My face twisted, excruciating heartbreak flowing through every last fiber of my body. "No, Eugene," I managed to choke out, pressing myself against him for warmth and comfort as steamy tears streamed down my face. "I'm sorry. If only I'd let you go and never left that tower –"

Eugene cut me off gently. "Hey, hey, don't talk like that. This is where you belong, Goldie." My chest cavity felt ice-cold, and the organ inside it throbbed so bad that I just wanted to tear it out and smash it under a rock – and it only got worse when he continued.

"Rapunzel, I want you to forget…forget about me. I never deserved you anyways, and you deserve a really great life. I want you to marry a prince and have a bunch of kids and rule Corona as the best damn queen this world has ever seen. You hear me?"
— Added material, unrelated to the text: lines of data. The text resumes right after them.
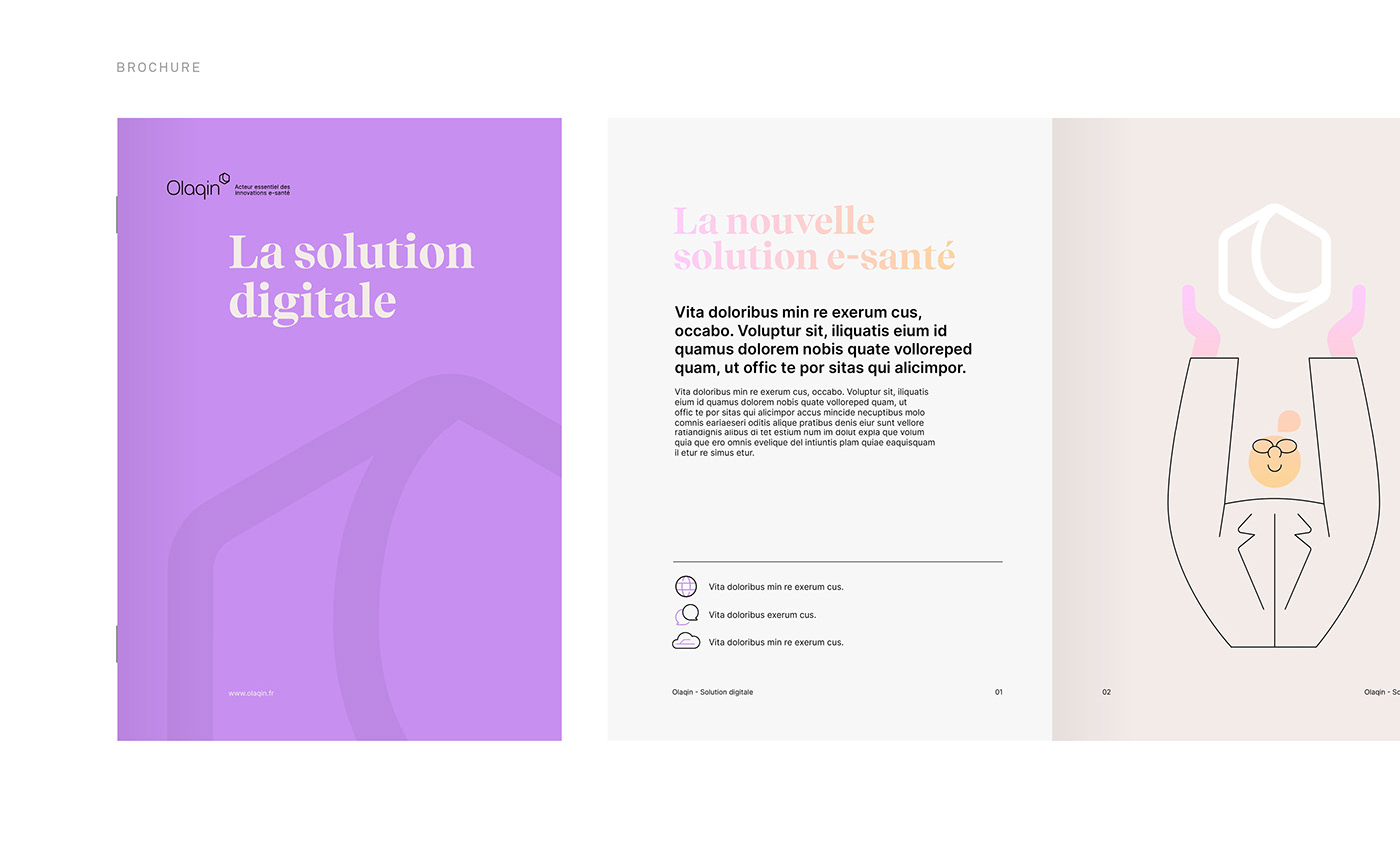 到目前為止,公司指南使用的是從圖像庫(kù)中獲取的非個(gè)人圖像。新品牌形象設(shè)計(jì)的圖像將體現(xiàn)護(hù)理和醫(yī)療護(hù)理的照片與色彩繽紛、富有詩(shī)意的插圖結(jié)合在一起。主要目標(biāo)是提出一個(gè)獨(dú)特的圖像,傳達(dá)為患者和衛(wèi)生專業(yè)人員提供界面服務(wù)的理念。Recif 字體的實(shí)線和流暢線條的有機(jī)品質(zhì),結(jié)合其襯線的粗糙度,為布局提供了靈活性。這種印刷選擇與通常用于數(shù)字的“無(wú)襯線”印刷風(fēng)格形成鮮明對(duì)比。這是使品牌人性化的印刷選擇。柔和的色彩環(huán)境對(duì)應(yīng)著奧拉欽運(yùn)作的醫(yī)療宇宙的護(hù)理功能。漸變直接喚起了品牌服務(wù)的數(shù)字背景。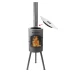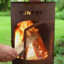 Eldstaden levereras med både lock och grillgaller, vilket gör det enkelt att växla mellan mysig eldning och matlagning. Placera gallret över lågorna för klassisk grillning eller använd locket för att bevara värmen och skydda eldstaden när den inte används.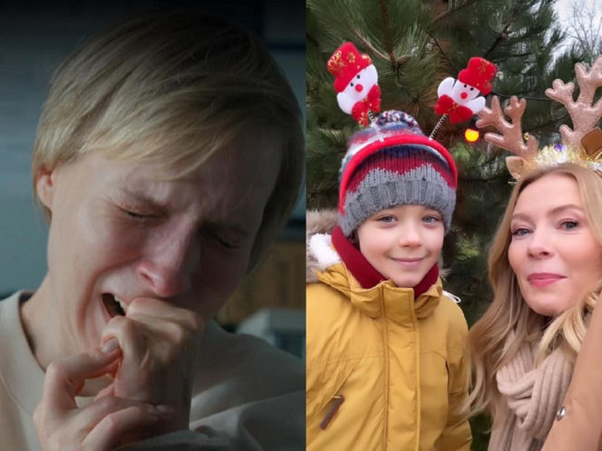 Dwa kadry z serialu "Barwy szczęścia": po lewej Sonia (Weronika Nockowska) płacze, trzymając dłoń przy ustach, po prawej uśmiechnięta Dominika (Karolina Chapko) w opasce z rogami renifera i Mateuszek (Filip Kowalewicz) w zimowej czapce na tle świątecznej choinki, o losach których przeczytasz na Super Seriale.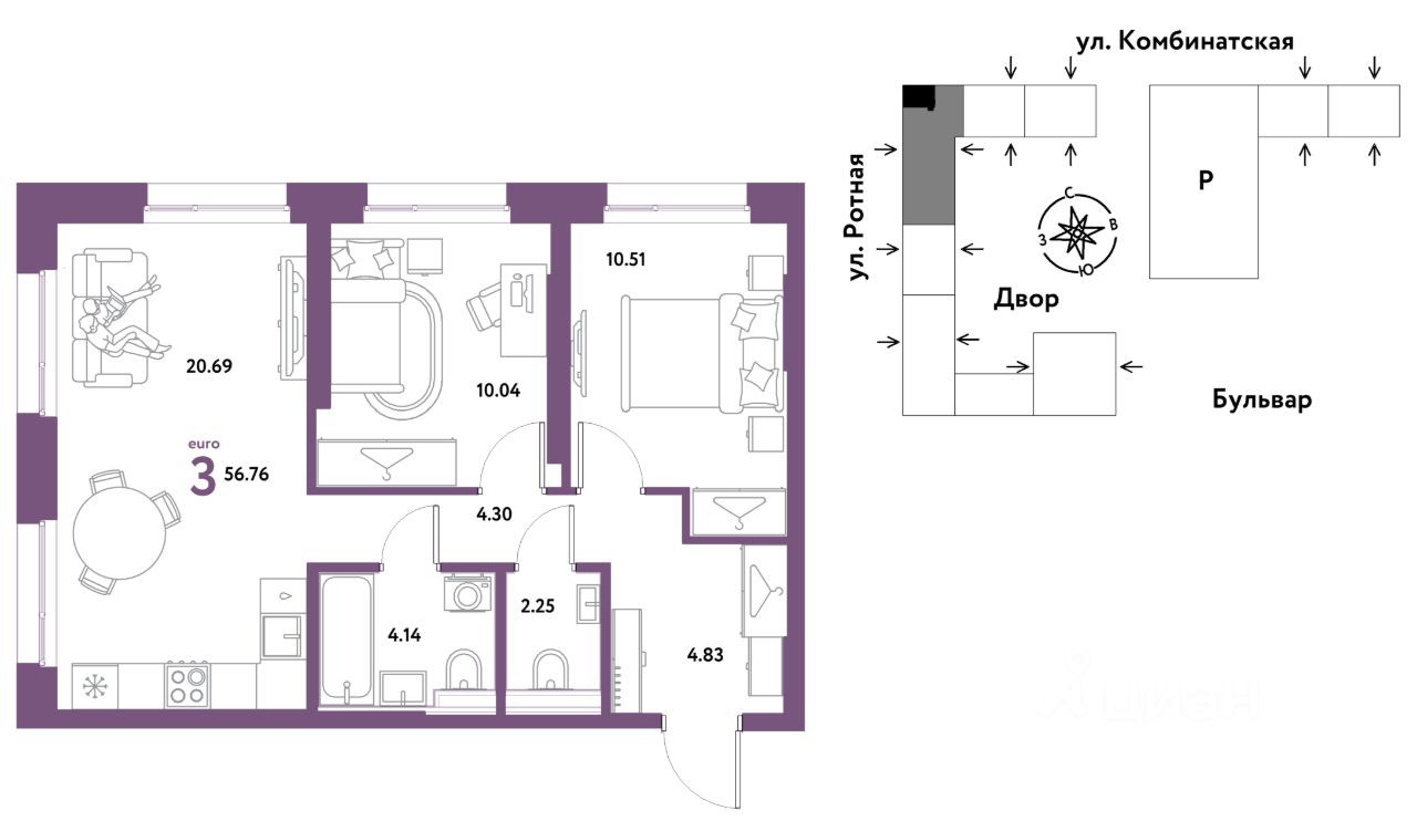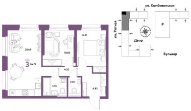 3комнатная квартира площадью 56,76кв. м. на 3 этаже жилого комплекса "Уральский сад".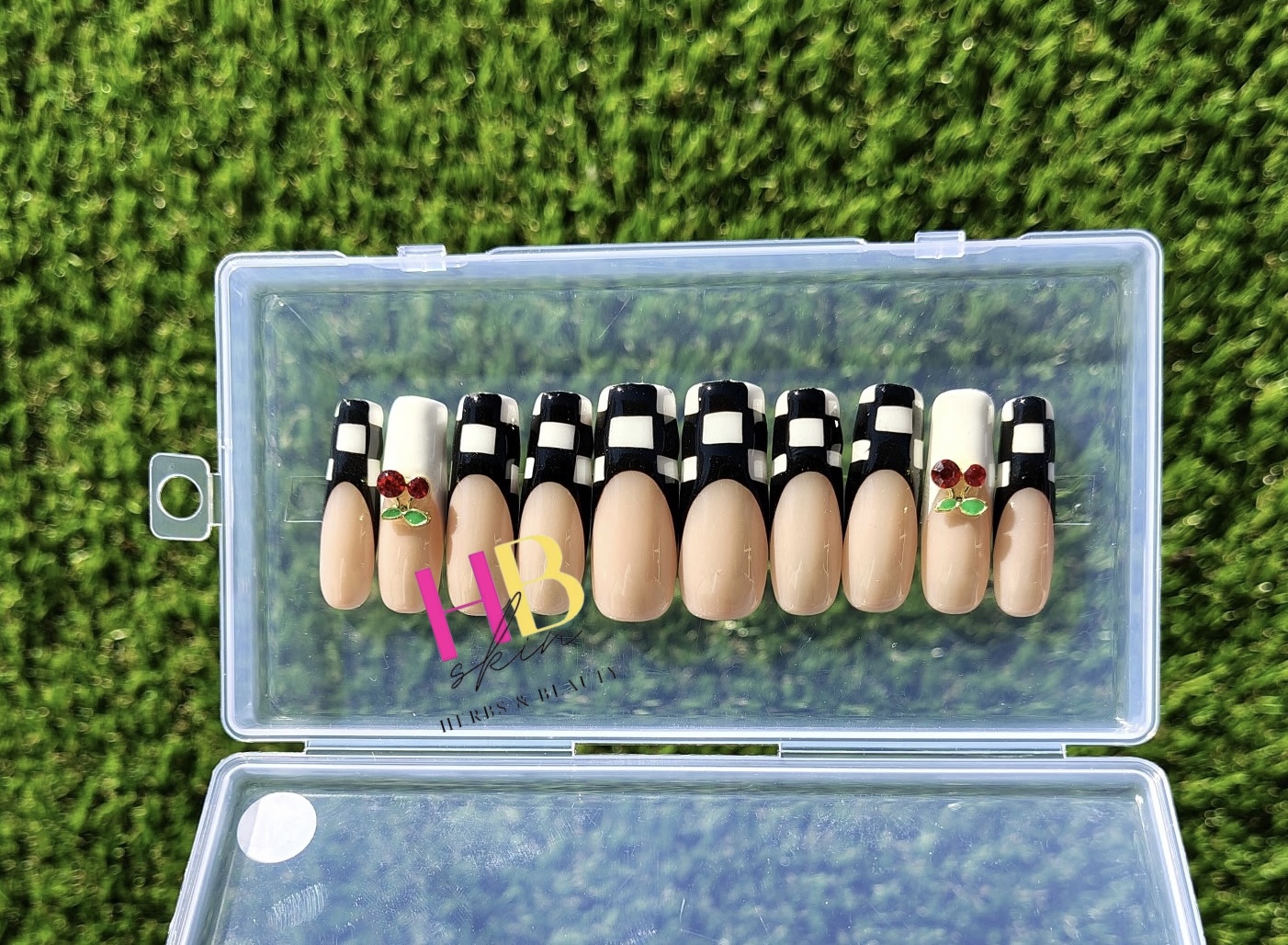Checker ! , Press On Nail ( REUSABLE) Size M & S

Eugene's voice cracked on the endnote, indicating just how painful it was for him to tell me to let him go. I squeezed my eyes shut, my body aching and shaking with silent tears. I can't begin to explain the world-stopping pain I experienced in that cell with the love of my life telling me to forget.

"Rapunzel, please, he begged, clutching me to him as if it were the last time he'd ever see me – which, if I did as he said, it would be. "Promise that you'll do that, for me."

With a heartwrenching sob, I rubbed my trembling cheek against Eugene's chest, feeling the vibrations of his accelerated pulse. He held me close until I let out a muffled squeak:

"I promise."

From the way his tense muscles loosened, I could tell he felt a bit of relief and closure that I was going to move on with my life. Eugene tenderly stroked what was left of my hair until I pulled back. "I promise," I spluttered, gripping his shoulders, "but I won't forget. I won't stop loving you, Eugene Fitzherbert. I won't stop, for every minute of the rest of my life."

I sniffled, my face probably shining with tears in the dim green light, feeling as if lightning had struck my heart and split it in two.

Eugene let a single tear slide down his cheek. "Me neither."